Quantum Boltzmann Machines for Sample-Efficient Reinforcement Learning
Thore Gerlach, Michael Schenk, Verena Kain
TL;DR
This work tackles sample efficiency in continuous-action reinforcement learning by introducing Continuous Semi Quantum Boltzmann Machines (CSQBMs), a hybrid quantum–classical energy-based framework that uses an exponential-family prior on visible units together with quantum hidden units to dramatically reduce qubit requirements while retaining expressiveness. It shows that gradients with respect to continuous inputs can be computed analytically, enabling direct integration into Actor–Critic schemes, and replaces the difficult global maximization in $Q$-learning with sampling from the CSQBM distribution to perform continuous $Q$-learning. Theoretical contributions establish a principled CSQBM formulation with tractable gradient propagation through visible units and a Gibbs-sampling-based inference mechanism that yields action samples via alternating $p(oldsymbol{a}|oldsymbol{s},oldsymbol{h})$ and $p(oldsymbol{h}|oldsymbol{s},oldsymbol{a})$ under efficiently preparable Gibbs states.
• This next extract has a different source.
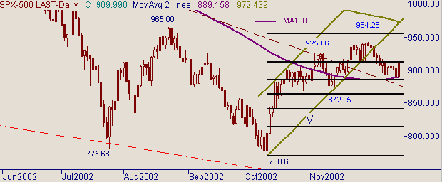 up-тренда 768.63(11/10/02)-954.28(3/12/02) − см. на рис. 3. Отметим, что позавчерашний торговый день протестировал на дневном графике MA100 − см. на рис. 3.На рис. 2 видим, что последняя часовая свеча закрылась выше красной линии, которую можно предположительно рассматривать как линию шеи фигуры двойное дно для

The proposed approach promises improved sample efficiency and expressiveness for challenging continuous control tasks, with potential applications to precision physics settings such as beamline control at CERN.
Abstract
We introduce theoretically grounded Continuous Semi-Quantum Boltzmann Machines (CSQBMs) that supports continuous-action reinforcement learning. By combining exponential-family priors over visible units with quantum Boltzmann distributions over hidden units, CSQBMs yield a hybrid quantum-classical model that reduces qubit requirements while retaining strong expressiveness. Crucially, gradients with respect to continuous variables can be computed analytically, enabling direct integration into Actor-Critic algorithms. Building on this, we propose a continuous Q-learning framework that replaces global maximization by efficient sampling from the CSQBM distribution, thereby overcoming instability issues in continuous control.